The tidal surge caused by Isabel was one to three feet higher throughout the Chesapeake Bay region than the Weather Service predicted, the report said. Severe flooding hit Fells Point in Baltimore, the U.S. Naval Academy and downtown Annapolis.
In Virginia, a tidal surge from the Potomac turned streets into canals and basements into pools in Old Town Alexandria and in the Belle View neighborhood of Fairfax County.
Using what turned out to be overly conservative flood estimates from the Weather Service, emergency workers had built walls or piled up sandbags in many of those places. But those barriers were easily engulfed by flood waters.
In releasing the report, Weather Service officials emphasized a timeless fact: The weather is hard to predict.
"We don't profess to be perfect," said David Manning, who coordinates weather warnings for the Washington area out of the agency's Sterling office. "The Chesapeake Bay system and the tidal Potomac River system are extremely complex basins to forecast. . . . It's difficult to put an exact number on how high the water will get."
Although Isabel was downgraded to a tropical storm before it hit the region, it is considered one of the Washington region's most destructive natural disasters. It caused an estimated $5 billion in damage, according to the Weather Service report, including $925 million in Virginia and $410 million in Maryland.
In Virginia, 32 deaths were attributed to Isabel, according to the state Department of Emergency Management. In the state's history, only Hurricane Camille in 1969, which killed 153, was more deadly. In Maryland, the storm caused eight deaths. A traffic death in the District was linked to the loss of power to traffic lights.
In Isabel's aftermath, some local emergency officials said they were confused over whether the Weather Service's flood estimates were made on top of high or low tides; others wanted more specific forecasts. The storm also revealed the need for backup power for automated weather instruments, the report said.
In response, Weather Service officials said they have simplified bulletins and have improved the way local data are provided to authorities in emergencies.

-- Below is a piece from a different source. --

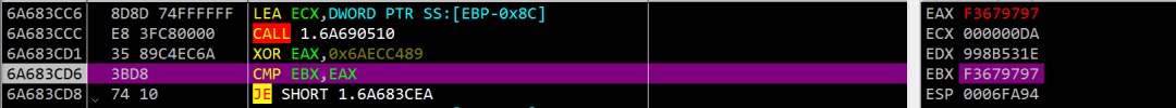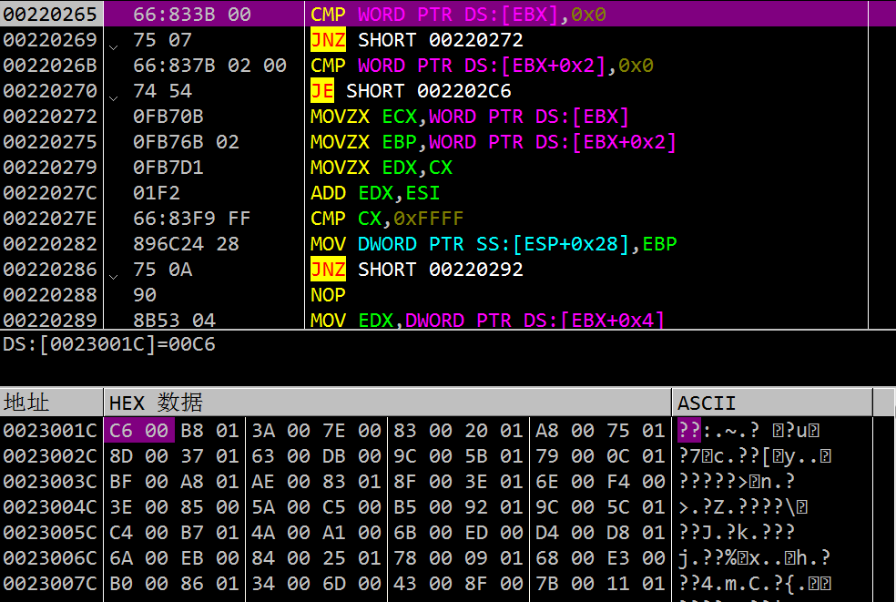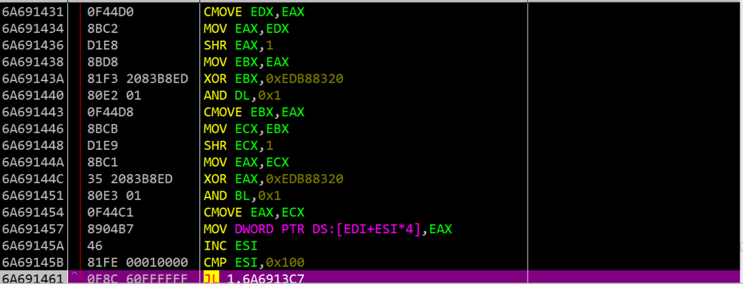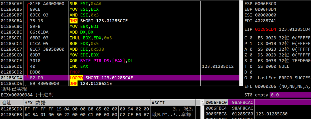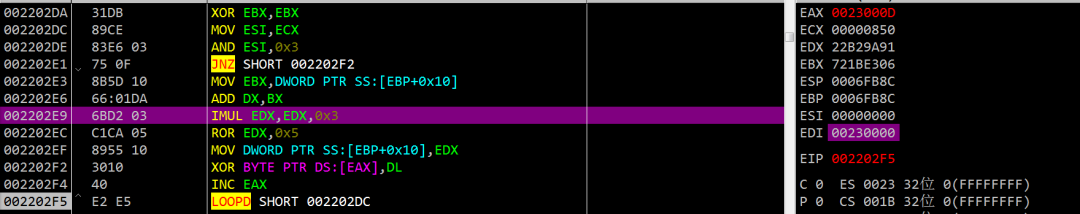 调整完位置之后在对数据进行解密。解密方式用的xor DL,DL中的内容根据循环次数和3做AND操作,为0就变换一次DL中的内容。DL中内容的变换规律是DL和DL相加,结果乘以3然后在右移5位,得到一个新的DL。

During Isabel, the National Weather Service also struggled to coordinate information between its Sterling office and its Middle Atlantic River Forecast Center in Pennsylvania, according to the report. That problem has been resolved by hiring more staff, Manning said.
Despite the critique, there was little blame directed at the Weather Service yesterday for underestimating the flooding.
Instead, emergency managers complimented the agency for meeting with them well in advance of Isabel's arrival and for keeping in constant contact during the storm.
"I don't hold them responsible. They don't control the weather; they just try to predict the weather," said Douglass Bass, Fairfax County emergency management coordinator. "It just shows you that you can never anticipate the effects of a storm, especially a hurricane."
Fay Hobbs-Carter, a co-owner of the Christmas Attic, had four feet of water surge into her store and lost about $250,000 worth of goods and business. Her shop has had trouble recovering because whenever it rains, she said, people now mistakenly think Old Town shops will flood.
Still, she said it is absurd to blame the weatherman for her misfortunes. "To expect the Weather Service to predict everything is crazy," she said. "I don't think we are angry with anyone in particular except the hurricane."